Problem to solve:
Your response should contain only the lines running from the top of the data below through the line with "ABOVE: It may", both included. Pictures must be omitted.

Dataset items:
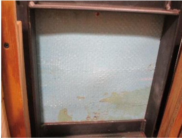
Photo No. 4 UL 752, Level 8, Post-Test Interior
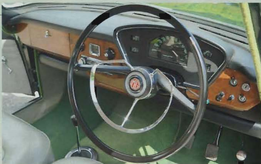
ABOVE: It may not be a sports car, but isn't that interior absolutely gorgeous?

has made some modification to his car to keep up with technology and road conditions. 'I've fitted a stainless steel exhaust with a chrome extension piece because it's impossible to source a mild steel version of the right length for this car, and I've added radial ply tyres because it's not possible to find 590 X 14 crossplies. I've also converted the vacuum wipers to electric for safety's sake, as well as fitting seat belts.'
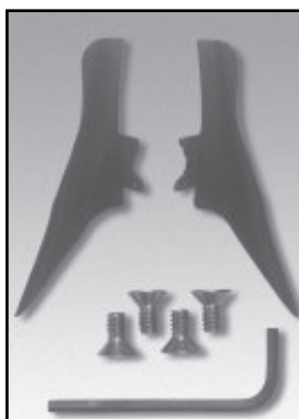
T9106A CCA gaff 16° non-contoured shank
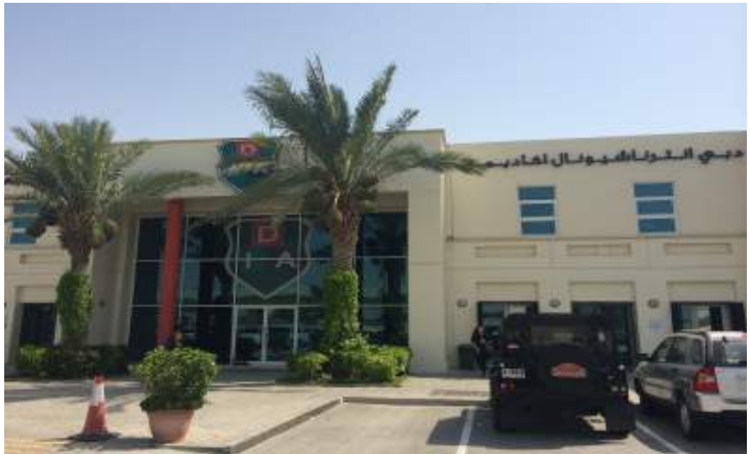
DIA SCHOOL EXTENSION | Emirates Hills

Emirates Hills Mirdiff Burj Dubai Al Quoz Al Barsha Victory Heights Jumeirah Village Circle Al Garhoud Al Nahda Al Safa
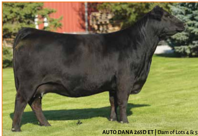
AUTO DANA 265D ET | Dam of Lots 4 & 5
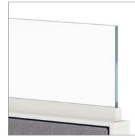
Frameless Glass Stacker

These are just a sampling of the options for Optimize.
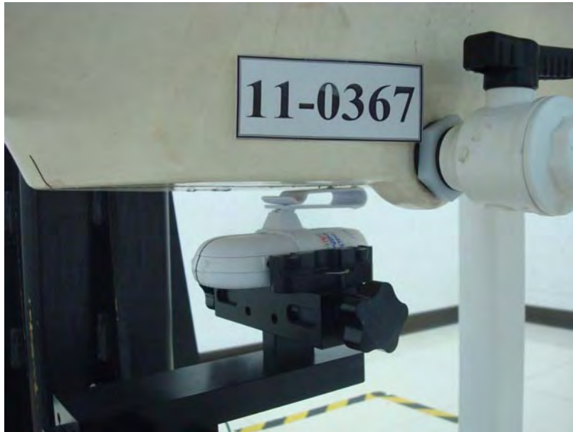
Figure 4. Body SAR Test Setup (Flat Section)
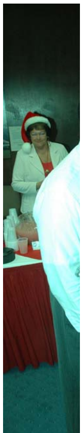
DEPUTY DIRECTOR D. Launch Services Program meeting employees on the event.
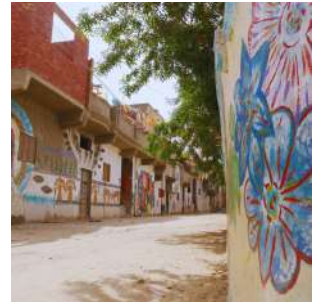
Tunis village murals
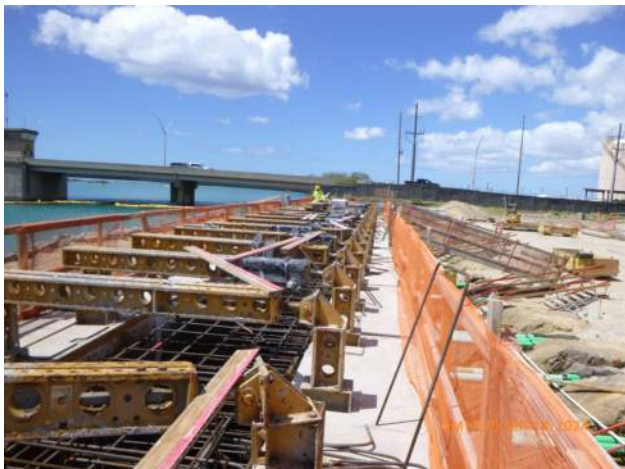
KIWC setting chamfers for the CWCB pour #23 formwork.
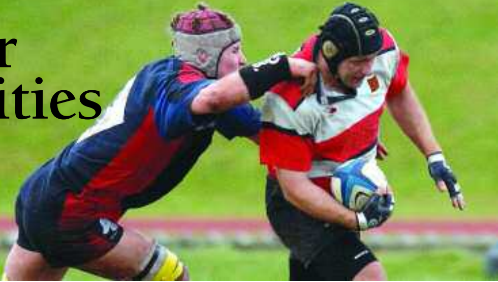
Orkney has a strong rugby team and compete in the National Division 5 Caledonia A League.
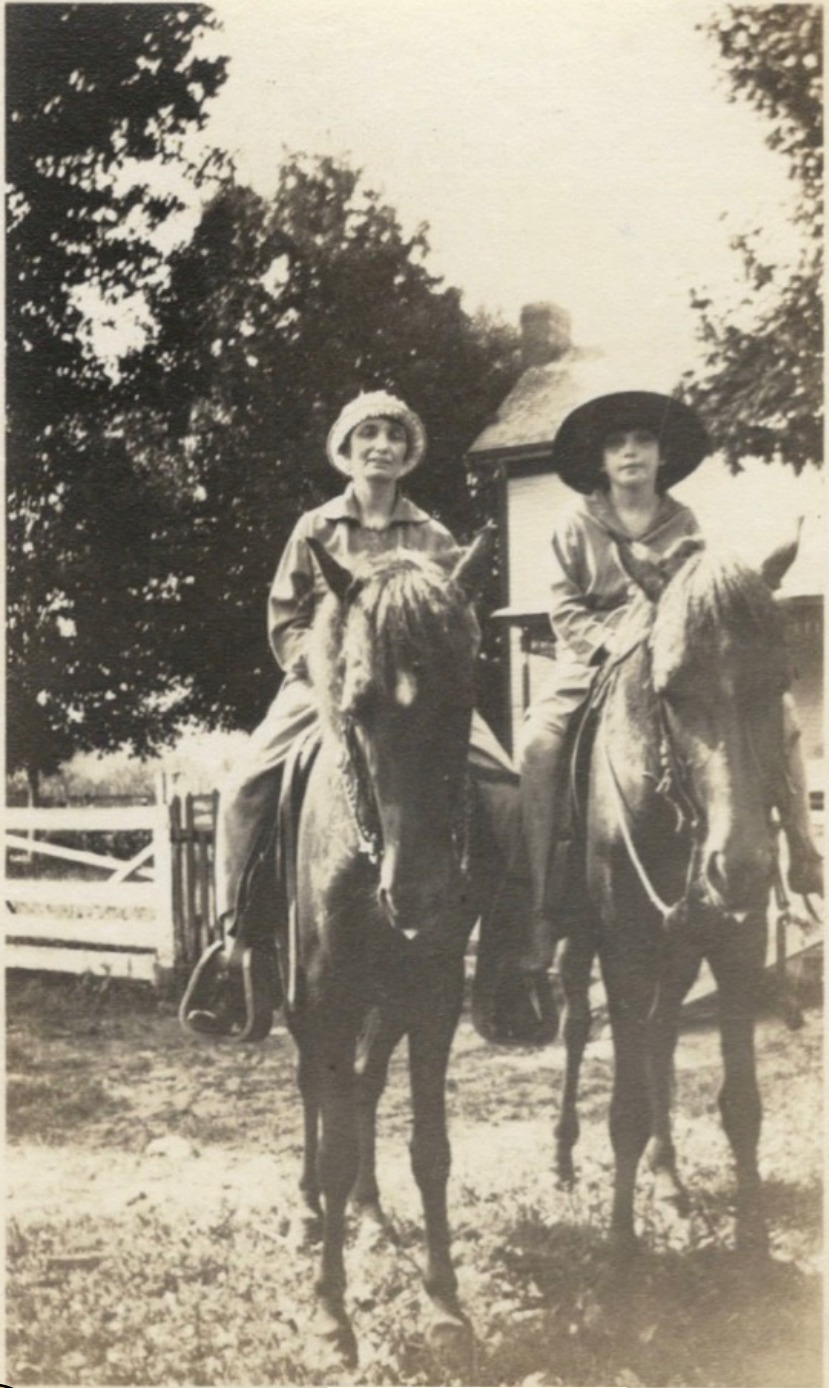
2.5"x4.25" - $10
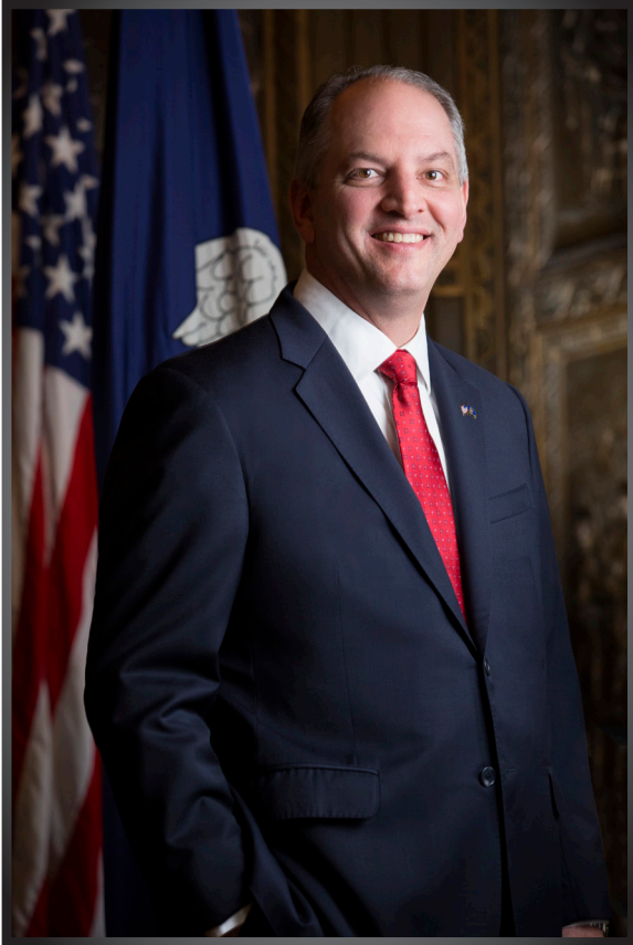
John Bel Edwards
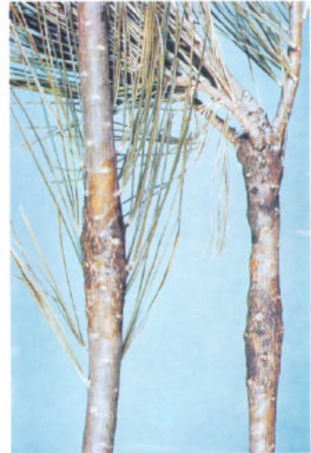
Figure 24-3 —Spindle-shaped swellings on stems of white pine seedlings, caused by C. ribicola .

Infection of 2-0 or older seedlings may not produce visible symptoms before they are lifted. Consequently, infected trees may not be detected in cursory inspection of nursery beds, or in routine culling procedures.
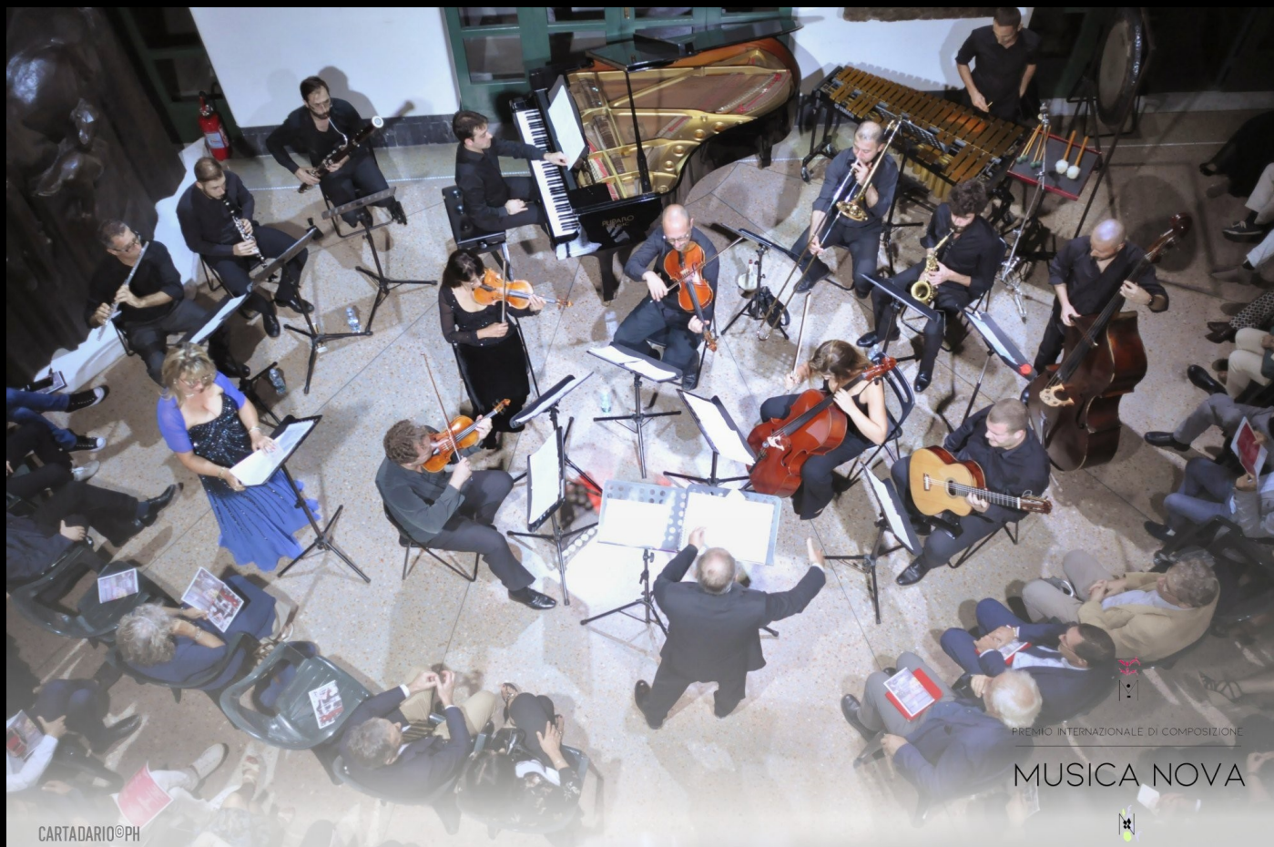
Second Prize performance: Pentarte Ensemble
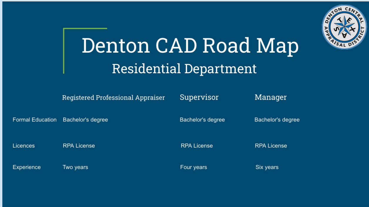
Figure 3 - DCAD Road Map

One way to recognize employees is by promoting, investing, and training them. The Road Map is a program that will provide employees with the requirements needed to advance within the organization. This program will be used to encourage and emphasize the DCAD culture and will help to promote from the inside. The Road Map program will be developed in 2023-2024. Below is a small example of the direction of the DCAD Road Map (Figure 3).
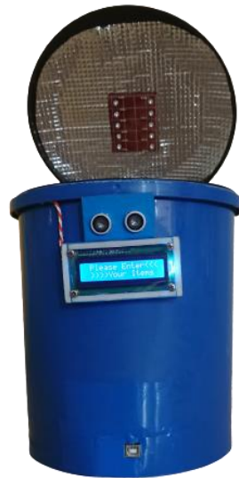
Figure 3. Assembled of Smart UV Sterilizer
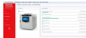
Consumables usage tracking in SmartStatus

Notifications help you to better plan for preventive maintenance, remove waste and ensure optimal instrument performance every day.
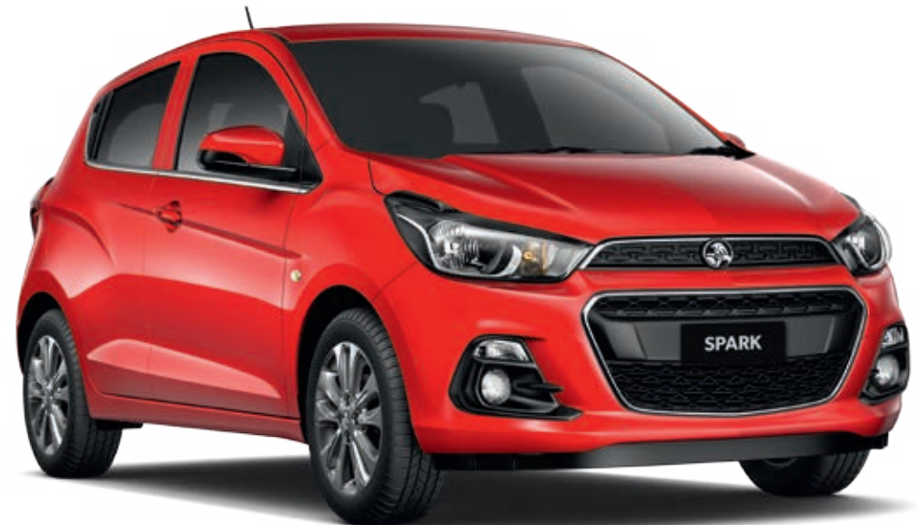
Spark LT in Absolute Red
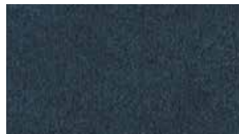
D • POWDER
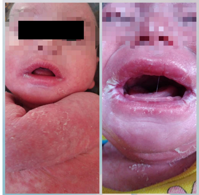
FIGURE 3 Generalized exfoliative dermatitis in a 5-month-old boy with Omenn syndrome.

However, most skin manifestations are not pathognomonic for a specific immunodeficiency and can be detected even in immunocompetent population. Hence the regular follow-up, and close monitor for other non-dermatological manifestations such as failure to thrive, chronic diarrhea, and demographic data such as consanguinity or family history suggestive of immunodeficiency, may be helpful to define the nature of the disease.
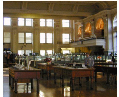
MacDonald and Mack have completed various projects at the Minneapolis Grain Exchange, including space planning for the Trading Floor

Congratulations to MacDonald & Mack, Grain Exchange Building tenants since 1979, for being awarded the prestigious 2011 Firm Award by the American Institute of Architects (AIA). The biannual award is presented to the firm who has contributed to the advancement of architecture in the areas of technology, service and design.
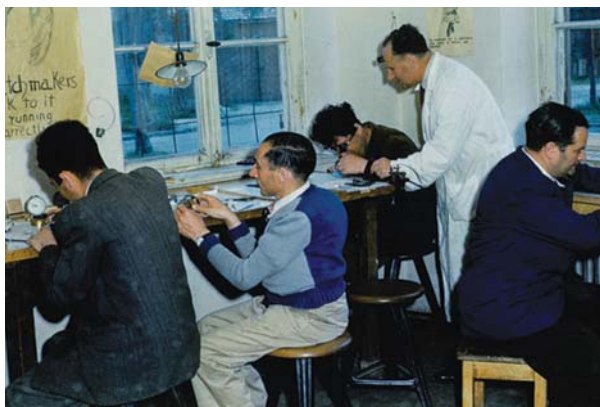
Jewish displaced persons study watchmaking in the Föhrenwald Organization for Rehabilitation through Training (ORT) school, 1953.
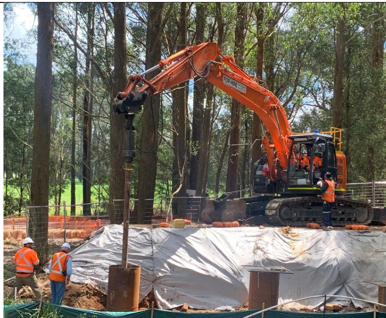
PN061 – ZX225-5
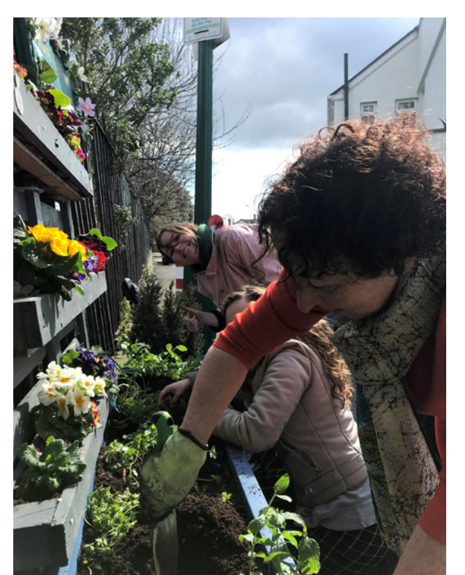
Edible garden launch event

The sub-group who wanted to tackle litter around Grand Canal Square have written to, and met with local politicians, Gardaí, Dublin City Council (South East Area Office) and the private company contracted to maintain the Square (Apleona). They have received mixed responses with some evidence of greater awareness by
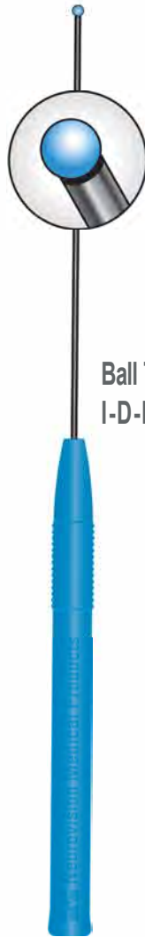
Ball Tip I-D-BTP90-5
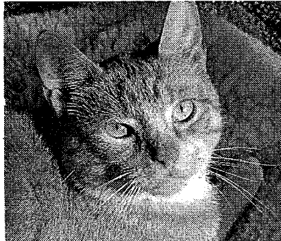
▲ Cloud from Noah's Ark and Winter from BARKS
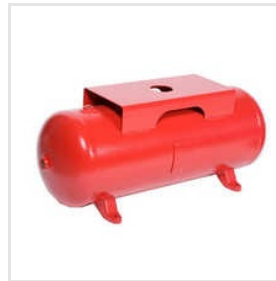
Horizontal Air Receiver Tank
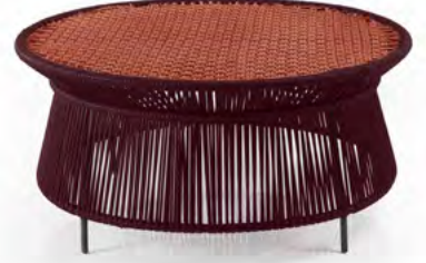
black red/copper/black 01ACALT-N
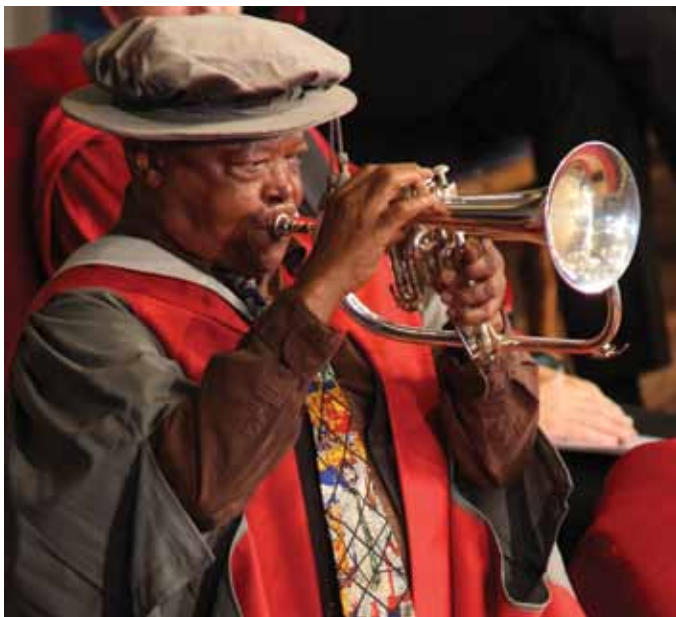
Watch Hugh Masekela's spellbinding performance at http://bit.ly/hugh-masekela
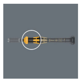
The precision zone directly above the blade gives the user a better feel for the right rotation angle during fine adjustment work.
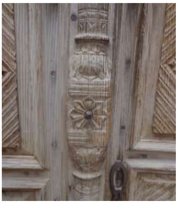
Plate.7. Central raised part between two doors, known as beeni by locals.

Task solution:
Photo No. 4 UL 752, Level 8, Post-Test Interior
ABOVE: It may not be a sports car, but isn't that interior absolutely gorgeous?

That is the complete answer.